MqttClient mqttClient = new("broker.emqx.io", 8883, true, caCert, null, MqttSslProtocols.TLSv1_2);

MqttReasonCode status = mqttClient.Connect(Core.Configuration.Configs.Dispositivo.Serial, "device", "123456");

When any webserver endpoint is called, the below error is displayed

++++ Exception System.Net.Sockets.SocketException - CLR_E_FAIL (5) ++++
++++ Message: 
++++ System.Net.Security.SslNative::SecureServerInit [IP: 0000] ++++
++++ System.Net.Security.SslStream::Authenticate [IP: 0024] ++++
++++ System.Net.Security.SslStream::AuthenticateAsServer [IP: 0016] ++++
++++ System.Net.HttpListener::AcceptThreadFunc [IP: 009a] ++++

Expected behaviour

No response

Screenshots

Make it possible to receive HTTPS requests

Sample project or code

No response

Aditional information

No response

[alberk8]

@renerlemes , is the date and time on the ESP32 correct?

[Ellerbach]

Just to male it sure I understand correctly:

• You have 1 certificate for the WebServer using HTTPS
• You have 1 certificate for MQTTS
• • The 2 certificates are different

If you are using one of the other, everything works fine, the problem is when you have both.
Is that a good understanding of the situation?

[renerlemes]

Just to male it sure I understand correctly:

• You have 1 certificate for the WebServer using HTTPS
• You have 1 certificate for MQTTS
• • The 2 certificates are different

If you are using one of the other, everything works fine, the problem is when you have both.
Is that a good understanding of the situation?

@Ellerbach, yes, that is exactly what is happening!
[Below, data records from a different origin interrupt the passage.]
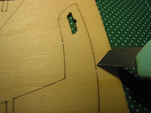 已經以雷射切割好的紅舉木艙門與艙窗
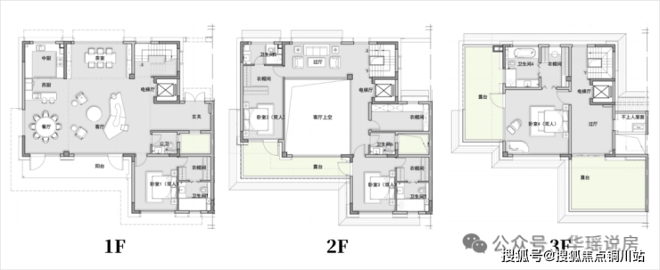 重点来看约360㎡的双拼户型,其尺度与功能十分奢侈——
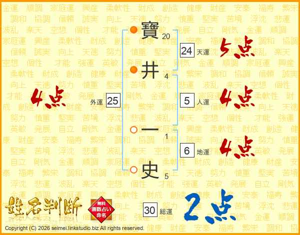 生活面を象徴する運勢です。外部から受ける影響力を表し、結婚運、家庭運や職場、環境への順応性を表します。総運から人運を引いた画数。姓や名が1文字の場合を除く。
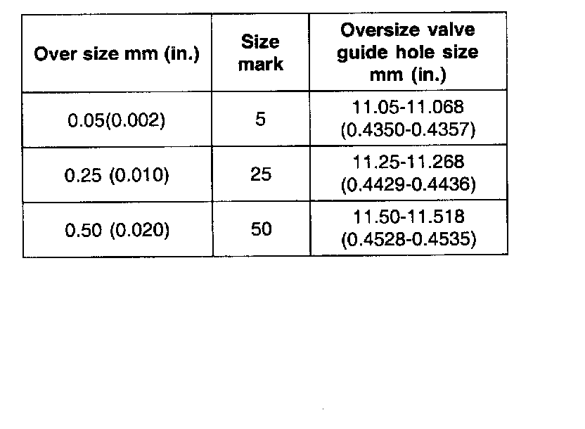 Oversize rework dimensions of valve guide hole (both intake and exhaust)
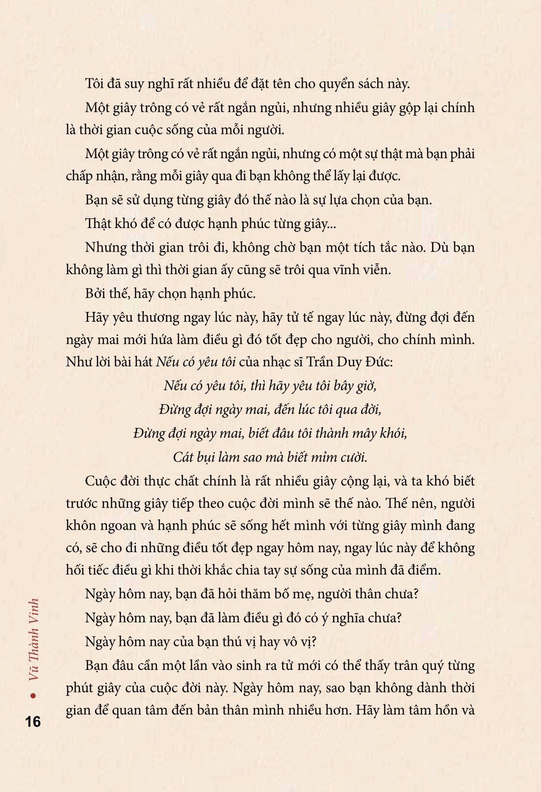 Hạnh Phúc Từng Giây “Cuộc đời mỗi chúng ta là một câu chuyện. Những gì bạn thấy hôm nay không phải là kết quả của sự tình cờ, mà là hoa trái của những hạt giống đã được chính bạn gieo trồng từ trước.” Hãy lựa chọn sống hạnh phúc từng giây! Tác giả Vũ Thành Vinh chia sẻ rằng sau cơn đại dịch gây ra nhiều biến động, không chỉ ảnh hưởng đến cuộc sống, sức khỏe, công việ mà còn gây tổn hại đến một khía cạnh vô cùng quan trọng khác chính là tinh thần. Anh đã quyết định chọn chủ đề “Hạnh phúc” để chia sẻ. “Bởi tôi nghĩ, suy cho cùng, mỗi chúng ta dù có là ai, đến từ đâu, trong hoàn cảnh nào, giàu hay nghè thì cũng đều mong muốn có được cuộc sống bình an, hạnh phúc. Hạnh phúc cho bản thân, cho những người thân và hơn nữa là cho cộng đồng. Song, hai chữ “hạnh phúc” nói thì đơn giản nhưng để có được lại không dễ. Có nhiều người chia sẻ với tôi: “Bây giờ nhìn đâu cũng thấy bất ổn: bệnh tật, thiên tai, tranh giành, chiến ”. Tôi biết họ đang rất hoang mang trong hành trình sống của m.ình. Song, ngay chính lúc này, ta cần lắng lại, nhìn sâu thẳm vào bên trong, xem cùng đích mà chúng ta muốn theo đuổi là gì, ta là ai và làm sao để thật sự hạnh phúc trong kiếp sống này? “Đời là bể khổ”, nhưng ta có quyền chọn để hạnh phúc mở lối. Chính vì lý do đó mà quyển sách nhỏ bé Hạnh phúc từng giây đã ra đời. Nếu hạnh phúc từng giờ, từng ngà là quá khó, hãy hạnh phúc trong từng giây. Khi có được giây phút hạnh phúc nào, hãy biết trân quý giây phút đó! Vậy thì phải làm gì để có được từng giây hạnh phúc? Suy nghĩ tích cực, sống yêu thương, chan hòa với mọi tạo vật xung quanh. Mở lòng đón nhận những tia nắng ấm áp đầu ngày, trong ngày hăng say lao động. Cuối ngày lắng lòng, biết ơn để tâm hồn thực sự bình an. Rồi đến một ngày tôi và bạn sẽ phải nói lời từ biệt thế giới này, bạn dự định mang theo những gì? Cuộc sống này là hữu hạn, chỉ có tình yêu thương và những giá trị bạn để lại là vô hạn! Vậy thì, khi đang sống, hãy biến mỗi phút giây mà bạn hiện hữu trở thành những phút giây hạnh phúc!” Sách Hạnh Phúc Từng Giây của tác giả Vũ Thành Vinh - bình an tại đây, ngay bây giờ! Sách Hạnh Phúc Từng Giây bao gồm 52 chương là 52 câu chuyện nhỏ nhưng mang lại nguồn cảm hứng bất tận có thể giúp chúng ta “sạc pin” tinh thần mỗi lúc chênh vênh. Quyển sách sẽ mang lại nhiều cung bậc cảm xúc khác nhau qua những hành trình, những câu chuyện của tác giả mà đâu đó ta cũng sẽ thấy bản thân m.ình trong đó. Thật vậy, cuộc sống là hành trình đầy bất ngờ. Chẳng ai muốn m.ình rơi vào những nghịch cảnh, những biến cố, song điều quan trọng là góc nhìn và thái độ của ta đối với những điều ấy. Những biến cố đến trong đời ta đều có lý do và sẽ thay đổi bản thân ta, thôi thúc ta hoàn thiện m.ình.

Can you imagine what it could be or have you ever experienced this problem?

[Ellerbach]

@renerlemes Can you confirm that each part is individually working fine? And that it's only when you have both that it's not working?

[renerlemes]

@Ellerbach Each part works fine individually. If I use only MQTTS or only the WebServer with HTTPS, they work without any problems. But if I start both with their respective certificates, HTTPS displays the error I reported.

I'm going to create a very simple code to connect to the wireless network, and I'll create the MQTTS and Webserver connections with HTTPS just to confirm once again and I'll let you know.

[josesimoes]

I was just reading this again and it stroke me: I'm not sure if the mbedTLS API is prepared to handle two different server certificates... Almost sure our API isn't. I mean, there a single execution path for the SSL that at some point setups the server cert.
I don't think it was ever foreseen the need to have different server certs depending on the endpoint.
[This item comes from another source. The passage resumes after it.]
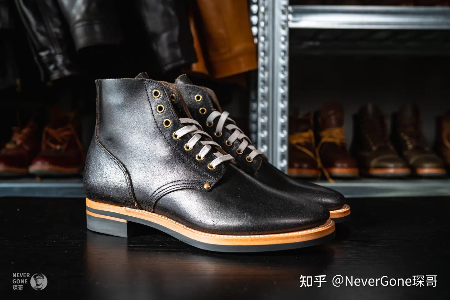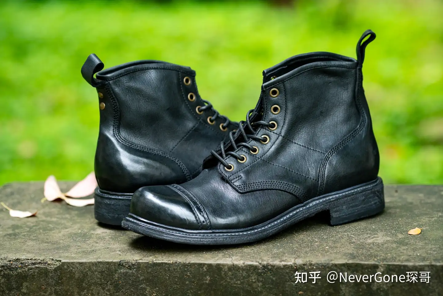 服务/服役靴。很经典的样式,很可能诞生于20世纪初,用于军事用途。属于德比靴的一种,后跟皮革裁片比较有标志性
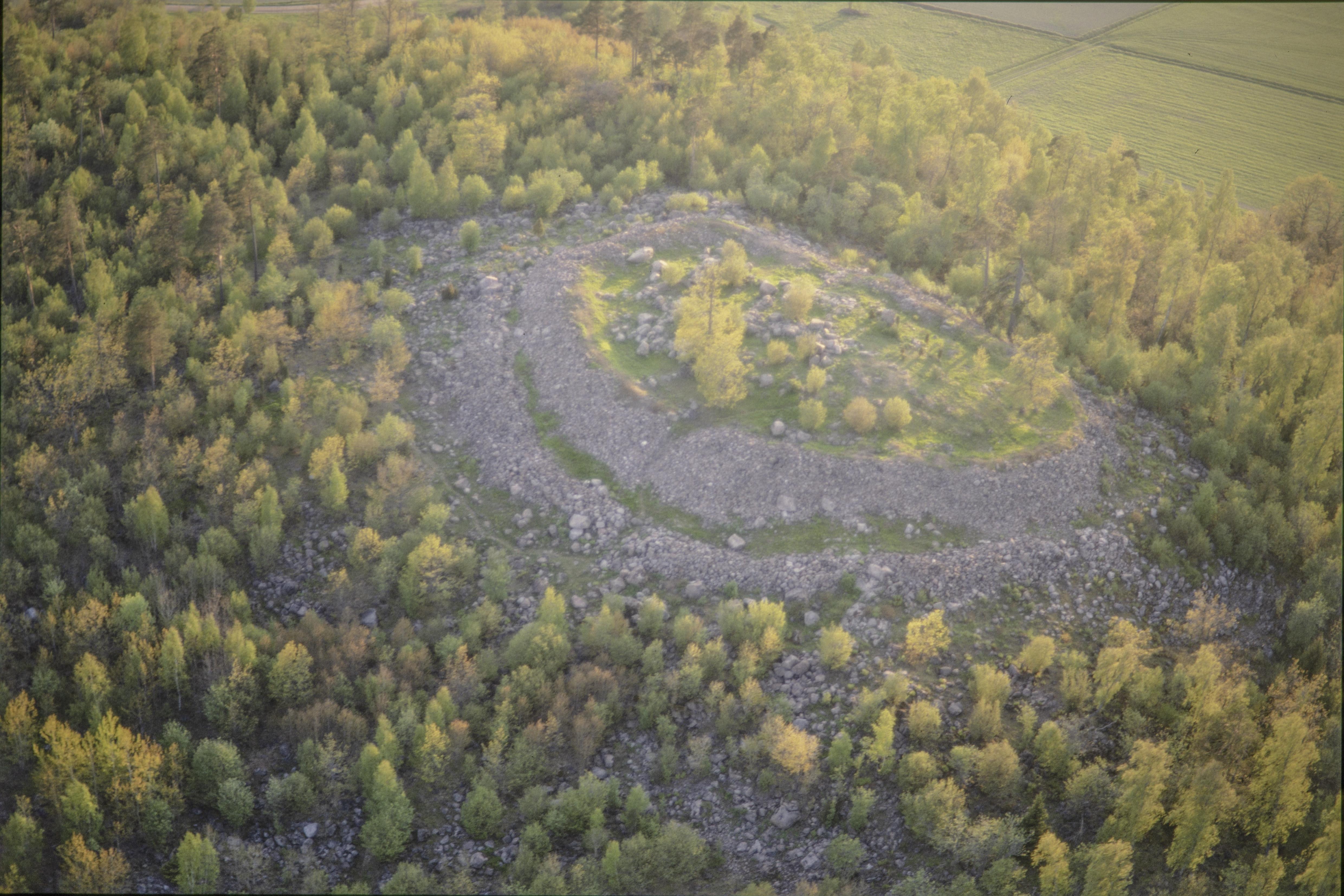 Beskrivning: Område norr om Lilla Vallby och Storån i Långhundraleden. Fornborgen Broborg RAÄnr Husby-Långhundra 156:1 vid bildens mitt. Bilden är tagen mot (väderstreck): VNV

Wondering why can't you use the same server cert for both scenarios?

[Ellerbach]

@renerlemes can you try to place both certs in the cert section? as far as I remember, mbeds can handle multiple certs but also, they should be able to be uploaded at the same time otherwise one will replace the other one. In sort, put both together, copy/paste both section together and check if still works individually and then if works together.

[renerlemes]

@josesimoes It is not possible to use the same certificate, because one is for connecting to MQTTS, where I am currently using the EMQX broker. They already provide the certificate for connection.
The certificate used for the WebServer with HTTPS is generated as a self-signed certificate. Therefore, they are certificates with different purposes.
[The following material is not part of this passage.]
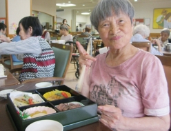 9月15 日(月)は敬老の日。皆様おめでとうございます。敬老の日の1週間前から【敬老週間】と称し、おめでたいレクリエーションを皆様と楽しみました。特に喜んで頂けたのが昼食の松花堂弁当です。笑顔いっぱい!お腹いっぱい!大好評の昼食でした。
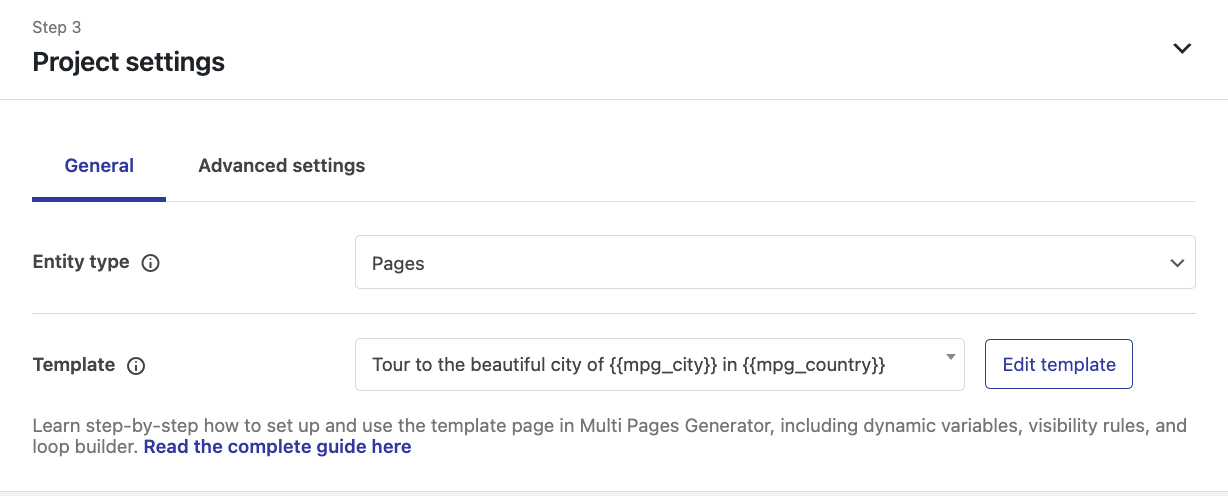 Template - depending on the entity type, here will be displayed in the dropdown all those pages / posts, from which you can select one that will become a template for the ones generated now. MPG will replace any shortcodes accessing the site through the generated URL to your source file.

@Ellerbach How to add both certificates in the certificates section? It would look something like this:

CertificateManager.AddCaCertificateBundle(new X509Certificate[] { caCert });

I did it the way I said above and anyway, when using the certificate, I need to create a certificate with
new X509Certificate(s_certificate);

I adjusted the code in my first post to display the WebServer and MQTT part. Another important observation is that the WebServer with HTTPS and MQTTS starts without errors, only when I use any endpoint does the error appear.

[josesimoes]

Of course they are! The one you use to connect to mqtt is a device cert. You use it to authenticate with the server.
When you start a local Webserver you can include a server cert. Which, if I'm not mistaken "goes" into the same place as the other, because it's also a device cert (the server is your device).

Unlike the root CA cert, for which you can bundle as many as you want, you cannot do that for device certs. A device can only present one cert when it's requested during the auth negotiation.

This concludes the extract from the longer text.